If the person dismisses your request, ask them what they would suggest. If their suggestion does not meet your needs, give clear reasons why. This actively involves the other person in generating solutions.
- Listen carefully and try to understand the other person’s. Typically, the more we hear the person we are communicating with, the more they will hear us.
- Clarify what you hear by repeating it back. Say things like “Let me see if I understand what you’re saying…” or “You’re saying… Do I have that right?”
- Be aware of your body language. Make eye contact and speak clearly, calmly, and audibly. Take a posture that shows you are trying to listen and understand.
- Listen for what needs the person or organization has and look for solutions that have mutual gains. This might involve thinking outside of the box to generate a variety of solutions, rather than focusing on just one.

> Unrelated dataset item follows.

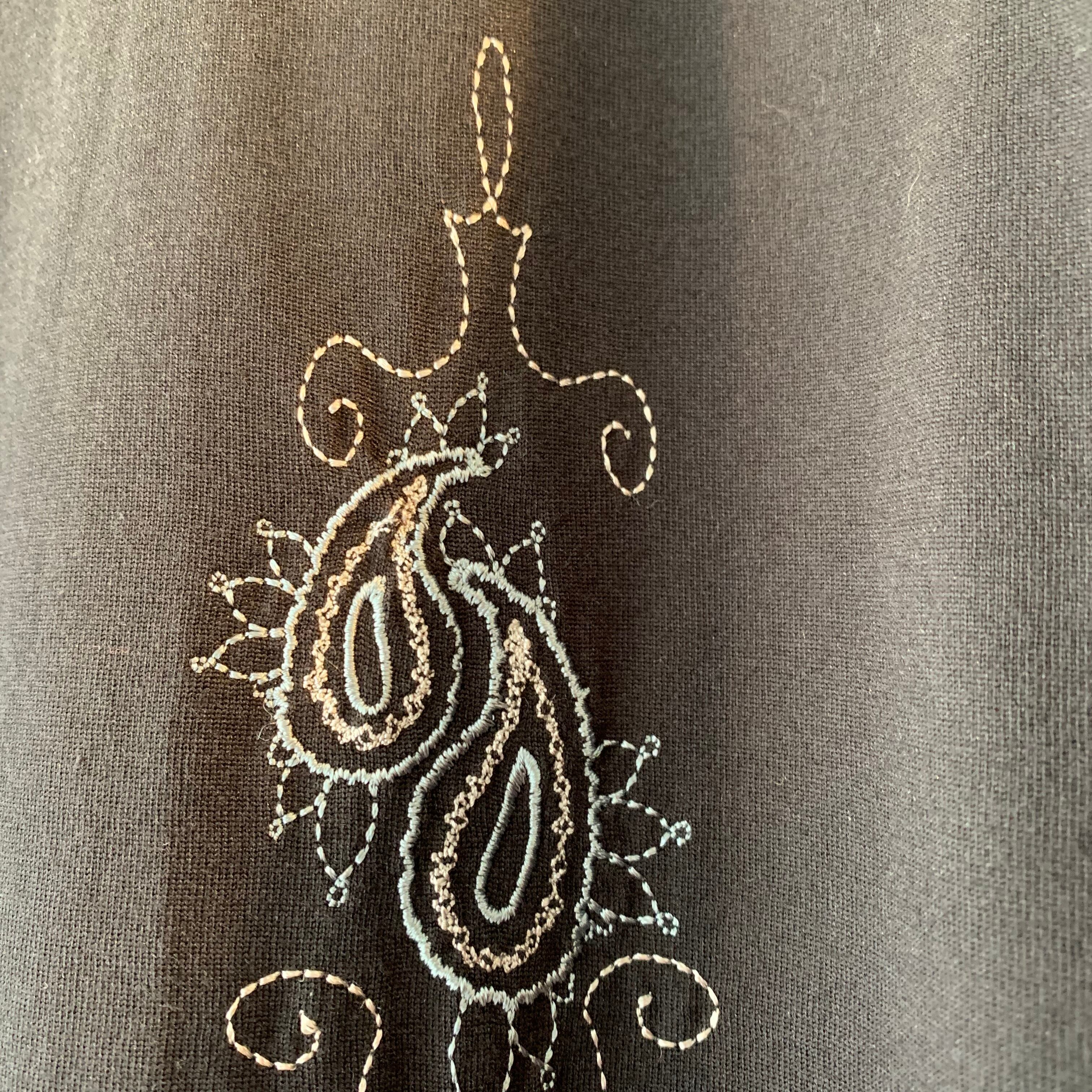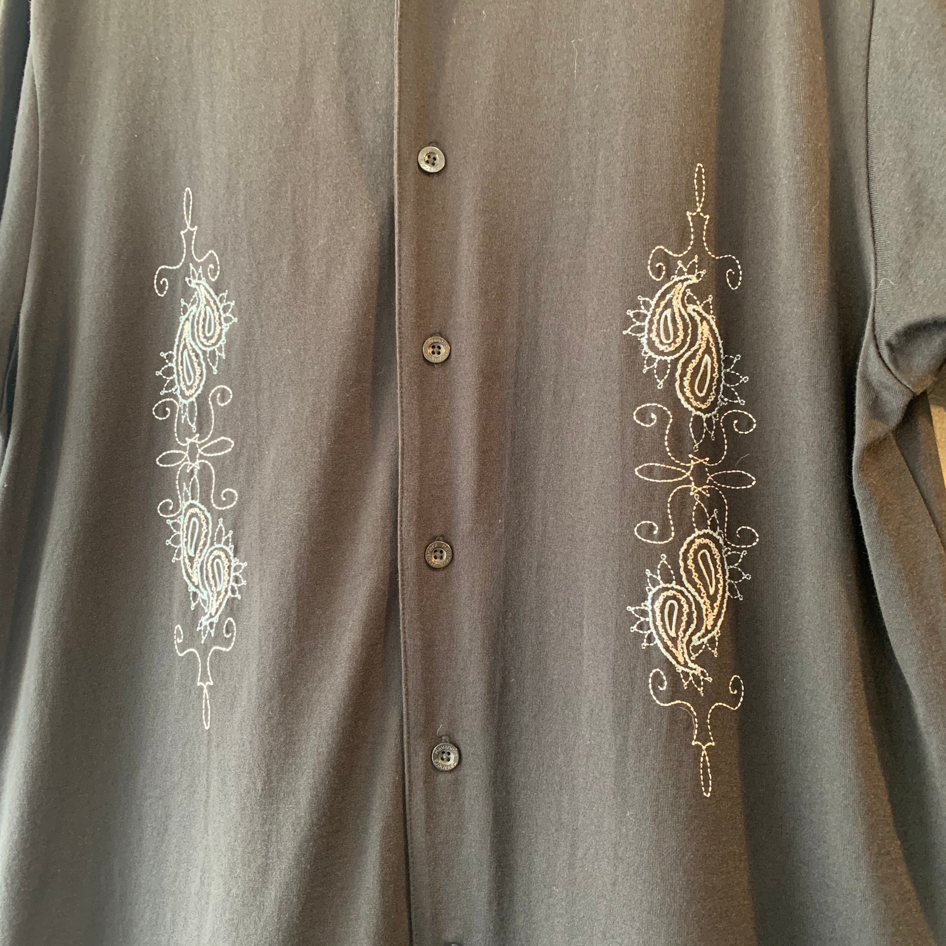 90s 刺繍シャツ コットン ナイロン 半袖 ブラック M
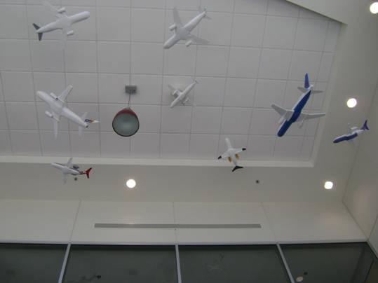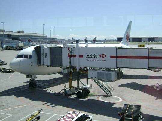 The plane was soon parked at the gate. I got up. When I walked through the first class section, I filmed it. It had seats that could recline flat which would be an asset for long distance flights. I went inside the terminal and photographed my plane.

- Stay connected to the needs of others. Communicate in a way that shows you are equally concerned about the needs of others being met. People are more likely to empathize about our needs if we empathize with theirs.
Managing your emotions
- Practice being aware of how you’re feeling. When our needs aren’t being met, these are some of the things we might feel: afraid, annoyed, confused, disconnected, embarrassed, tired, pain, sad, tense, vulnerable, disturbed, or longing.
- Connect your feeling to what you need. Here are some common needs: connection, belonging, love, appreciation, physical well-being, honesty, joy, humour, equality, beauty, choice, freedom, challenge, growth, and learning. Make requests based on what you need.
- Anger can be a valuable alarm for alerting us that our needs are not being met. It is also a signal that we are thinking in a way that may make it difficult to communicate about our needs.
- When you feel angry, stop and breathe. If you can, identify what is causing the anger and what needs are not being met. Finally, express your needs. These steps help you channel your anger toward getting your needs met without being aggressive. (This skill takes a lot of practice to learn!)
- If you are having difficulty managing your anger or are feeling withdrawn, ask for some time to reflect on what has been discussed and arrange a time to meet again later.
Are there times when I should not self-advocate?
Yes. Don’t self-advocate if:
- you don’t feel safe
- you’re too angry to be assertive instead of aggressive
There are many options for protecting your rights aside from self-advocacy. (See below).
Alternatives to Self-Advocacy
- Ask a friend or family member to advocate on your behalf.
- Find an organization with professional advocates who have experience related to your problem.
- Hire a lawyer. If you cannot afford a lawyer, consult organizations that do pro-bono (free) legal work.
- Contact the office of your city councilor, MLA or MP, if some level of government is responsible for your issue. You can contact an Ombudsperson at the same time. Ask them advocate on your behalf.
- Support or create a group that works to create progressive systemic change.